I have never done it personally but my dad has done it a few times and he lives in newfoundland with way worse winters then here, he showed me a driveway he did with this method and it was perfect not one imperfection. It was about 4 years old. He said as well as others have agreed, also apparently some engineera recomend it for driveways as it can help alot as long as installed properly.
I would say the best thing to do is ask an engineer possibly about the method as i have never done it personally but i have heard alot of good things from a few different people.
the job is done i am in the clean up stage. this thread can be closed.
So you've nothing else to say! Ok management did you get that, CLOSE THE THREAD! HARDSCAPING HAS NOTHING MORE TO SAY
Hey witht he problem you apparently have with me just stop posting in my threads once you see i have wrote it then you should just click the back button and not worry about it.
You obviously don't have a clue about much because all you do is talk ish.
I asked for help i got what i needed why do i need to go on more?
I think i'm allowed to post on any thread i care too! How old are you? I will say your input on this site is very hilarious and entertaining. I don't have a clue about this work, that is really funny. I guess being in the hard and landscaping business for 14 years with 2 bobcats, mini-x, hydro-seeder, trucks, 4 trailers, laser, saws, and all hand tools even all paid for is just talk. Son, i don't come on here with 15 pages of bull crap about a job i'm trying to get and don't have a clue about. Neither do i have to ask about a srw footer since i have over 300 walls experience. I know you would like to play in our world but you have a long way to go. Btw some of us do make a living doing this work.

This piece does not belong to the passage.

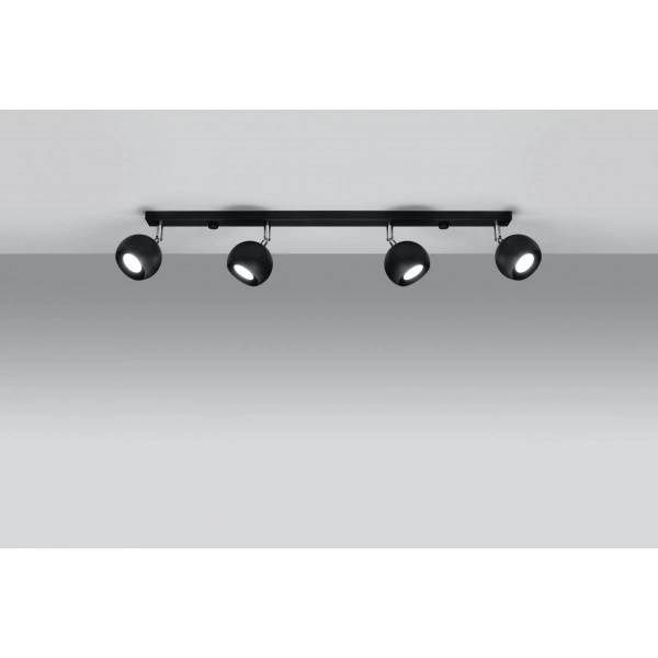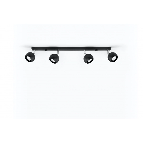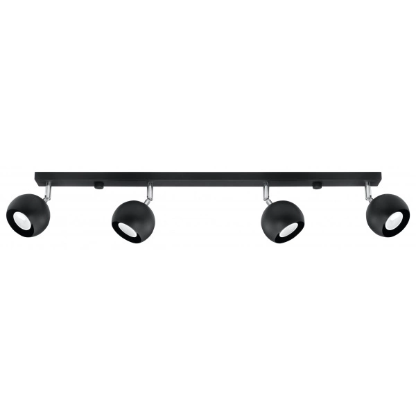OCULARE 4L SL.0447 to nowoczesna lampa sufitowa z czterema źródłami światła. Wykonana została z wysokiej jakości metalu w kolorze czarnym. Lampa składa się z podłużnej podsufitki z krótkimi ramionami, na których osadzono cztery reflektorki w kształcie ściętych kul. Reflektorki mają możliwość regulacji punktu padania światła. Lampa będzie idealnym wyborem do nowoczesnych wnętrz. Doskonale będzie się prezentować w: salonie, jadalni, sypialni, pokoju młodzieżowym, gabinecie, biurze, przedpokoju, korytarzu. Wysokość lampy to: 15 cm, szerokość 80 cm, głębokość 10 cm. Źródłem światła jest żarówka typu GU10 o mocy max 40W w ilości 4 szt.

Well some of us are starting out making a living in this work. you have to understand that we come here to ask for help and as$holes like you should help since you say you have all this experience. instead of talking ish and bragging about the equipment you have, just help and be on with your life. Don't get your kicks from me, i am on here to learn and i can only learn when people can show me valid points.
By the way i just used my brand new concrete saw today, does that make me a better hardscaper because i own it now and not rent it when i need it.
I guess i'm the only one that pushed your button here? I have given and will continue to give advise here. Even for you, I have read pages of replies telling you not to do the driveway and i make 2-3 replies and you jump me. Let me start fresh, i do general landscaping ( new yard installs, excavation, etc. ) i am now 1 of the largest srw cont. in my area. I never got in to pavers believe it or not because i stayed busy with other work. I decided this year to do a patio and 60' of sidewalk at my new home for learning experience. I completed it just working on weekend with out my staff. It looks good to me and i posted it earlier for critque and got some responce which helped me learn. My point is i know i am not ready to do a driveway that you was talking about. Its a matter of knowing your limitations and you are not ready for it either from reading your posts. Keep on getting experience with smaller jobs working your self up to the larger jobs.